According to a recent Uptime Institute survey, “
How to avoid outages: Try harder!” 70-75% of data center failures are caused by human error, producing a chain effect of downtime. Additionally, more than 30% of IT services and data center operators experience downtime or severe degradation of service. 10% of the survey respondents reported that their most recent incident cost them more than $1 million. But how preventable are these outages?
For more about human network errors and intent-based networking (IBN), I interviewed Mansour Karam, founder, and president at
Apstra, an IBN software company, to gain more insight.
GA: How much does human error contribute to failed network operations?
MK: We’ve all heard of catastrophic network outages that make the news and have devastating business consequences. It turns out that each one was caused by human error - a single network operator entering the wrong command on some network device.
That isn’t surprising - indeed, networks are complex distributed systems, and network protocols rely on each device getting configured in a specific way. Any departure from these configurations causes these protocols to malfunction, which results in traffic to drop and the network to stop operating as intended with devastating consequences to applications. Software is far smarter and faster than humans are at managing large distributed systems - i.e., networks that organizations rely on to run their businesses.
GA: Can you define IBN? How does automation play into this?
MK: IBN amounts to software that delivers powerful automation of the network infrastructure. The basic premise is that the network operator describes what their intent from the network is - e.g., which workload or server connects to which other entity, what security rules must exist, what compliance policies need to be implemented, and what performance metrics need to be met.
The software is then responsible for delivering on this intent. It does so by translating intent into a set of precise configurations that it pushes to the various devices in the network. The software also collects telemetry from the network continuously and runs the telemetry through a battery of tests continuously and in real-time (using intent-based analytics, which Apstra also pioneered) to validate that the network is satisfying the intent.
In an IBN system, all intent and state of the network collected through this telemetry reside in a distributed data store, which constitutes a single source of truth. If the IBN system detects, through these tests, that the network is failing to meet one aspect of intent, it then notifies the network operator and presents them with a workflow to remediate the problem. As operators get more comfortable with the software, they can allow the system to auto-remediate deviations from intent for a true self-driving network experience.
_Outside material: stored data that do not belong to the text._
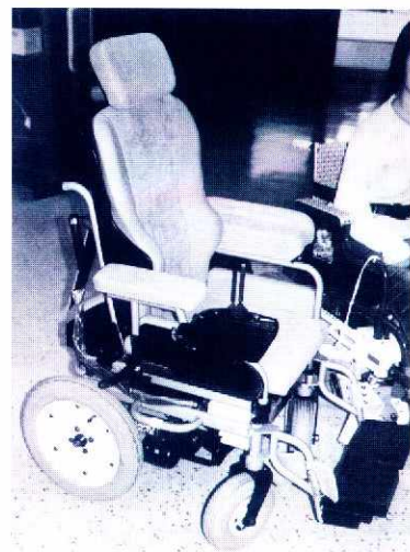
県内企業が製作した座シート
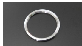
●WEBER40 ベンチュリー固定リング ファンネル用 本体 ¥1,000
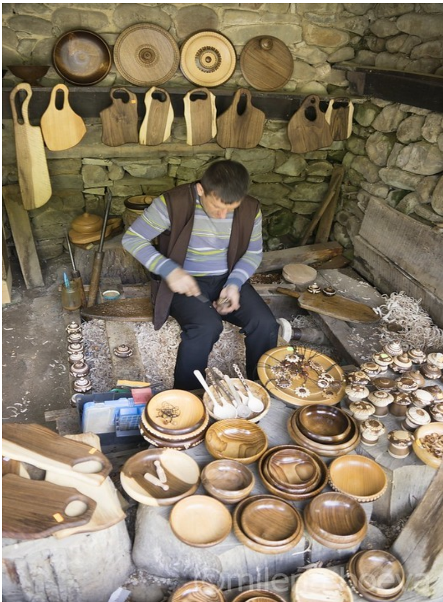
Bulgarije

Dit overzicht is gemaakt in opdracht van het Ministerie van Buitenlandse Zaken.
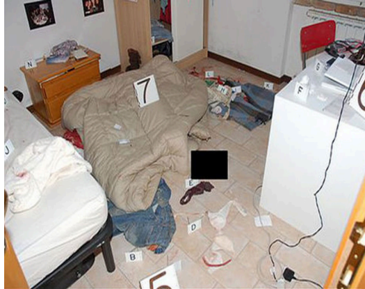
Figura 7. La escena del crimen tal y como la halló la policía.
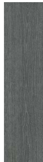
DD700800R Абете серый тёмный обрезной 20x80 Abete dark grey rectified
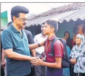
जनसम्मर्क करते तमिलनाडु के मुख्यमंत्री स्टालिन।

चेन्नई, एजेंसी। तमिलनाडु के मुख्यमंत्री एम. के. स्टालिन ने प्रस्तावित परिसीमन अध्याय के खिलाफ 16 अप्रैल को पूरे राज्य में काले झंडे दिखाकर प्रदर्शन की घोषणा की और केंद्र को चेतावनी दी कि यदि उसने तमिलनाडु की आवाज पर ध्यान नहीं दिया तो उसे गंभीर परिणाम भुगतने होंगे और भारी कीमत चुकानी पड़ेगी। सत्तारूढ़ द्रविड़ मुनेत्र कषमम (द्रमुक) के अध्यक्ष स्टालिन ने परिसीमन पर वीडियो कॉन्फ्रेंस के माध्यम से पार्टी सांसदों और पार्टी जिला सचिवों की एक आपात बैठक की अध्यक्षता करने के बाद कहा कि हमारे सिर पर लटकी तलवार अब हम पर आ गिरी है। कहा- द्रमुक सभी राज्यों के सांसदों से संपर्क साध रही है और इस गंभीर खतरे का मुकाबला करने के लिए समन्वित रणनीति तैयार कर रही है। स्टालिन ने आरोप लगाया कि केंद्र में भाजपा के नेतृत्व वाली सरकार द्वारा बृहत्पतिवार को संसद में लाया जाने वाला परिसीमन संशोधन तमिलनाडु और दक्षिणी राज्यों के खिलाफ एक घोर पैंतहासिक अन्याय है।
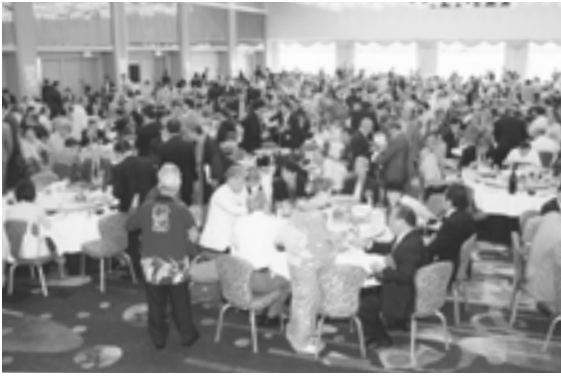
なでしこに沸いた納涼大会

このビッグニュースが克明に伝えられるたびに場内が沸いた。ドイツのフランクフルトで行われ
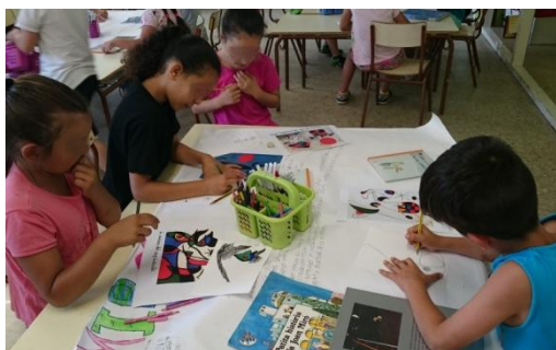
Figura 6. Realización mural. Elaboración propia.

Por iso a segunda vez que realicei esta actividade co alumnado de segundo curso do colexio Pepa Colomer no Prat de Llobregat, en Barcelona, incluín este apartado na realización da proposta. Os nenos traballaban por grupos e cada equipo centrábase nun artista do que despois facían un mural para mostrarllo e explicarllo ó resto.

GA: How can downtime be reduced? Can IBN shorten the mean time to repair (MTTR)?
MK: An IBN system is continuously running tests. When something fails, it will detect an error immediately and pinpoint to the user the root cause for this failure. Without an IBN system, the network operator is either running blind or has to sift through a sea of data collected in data lakes and presented over a large number of screens. When failures do occur, this shows a dashboard sea of red, which isn’t helpful to pinpoint the root cause of the issue.
An IBN is self-documenting and records every change over the entire history. It provides the ability for the network engineer to go back in time, to the network intent from two days ago, and fast-forward from then to how it was yesterday. This unique capability of an IBN system is called “Intent Time Voyager.” It enables the network engineer to roll back to a previous state of the network across the entire network, including devices from disparate vendors.
Imagine a scenario where a network problem was to occur. Most likely, the IBN system will detect the problem and auto-remediate the solution. This solution dramatically improves MTTR. For the rare case where the IBN system is unable to determine the root cause the problem, then the operator can roll back to a version of the network that doesn’t present the problem. That may resolve the issue and allows the engineer time to debug without causing a business-impacting outage.
GA: Is there a return on investment (ROI)? Will this reduce total cost of ownership (TCO)?
MK: Networking teams spend three to five dollars of work time operating one dollar of networking equipment that they’ve purchased. Those organizations that have deployed an IBN system have witnessed operating expense (OPEX) reductions as high as 83%, with drastic reduction to the TCO. An IBN system frees organizations from vendor lock-in and enables them to use the network equipment of their choice. This flexibility provides their procurement teams leverage to negotiate better pricing for their hardware costs, which directly affect capital expense (CAPEX) costs.
GA: How does IBN impact the IT staff?
MK: IBN empowers the networking staff to do more with less. It empowers them with a solution that allows them to operate larger, critical, and more complex network infrastructures without increasing the network staff.
IBN also enables network architects and operators to work together. An IBN system automates the entire lifecycle of network operations—from day one and onward—and is as relevant to architects and operators. With IBN, both use the same approach. In the case of the network architect, they’ll use IBN to build the network the first time. Because of IBN’s closed-loop validation and a single source of truth, they can assemble one with operations in mind.
When the architects deliver the network to the operators, the operators will then make changes in this same network using the IBN system. This delivery is done by describing their intent and allowing the software to deliver on it, and continuously measure the network to ensure this gets met. The software will audit every change, ensuring that both operators and architects know exactly what outcomes the network delivers at any moment in time.
By delivering this unified toolset for network architects and operators, you avoid the common problem of having a greenfield network become a brownfield network overnight, and then legacy within a few months.
Karam believes that there are several advantages to implementing an IBN. It encourages network architects and operators to work together, and allows them to do less with more.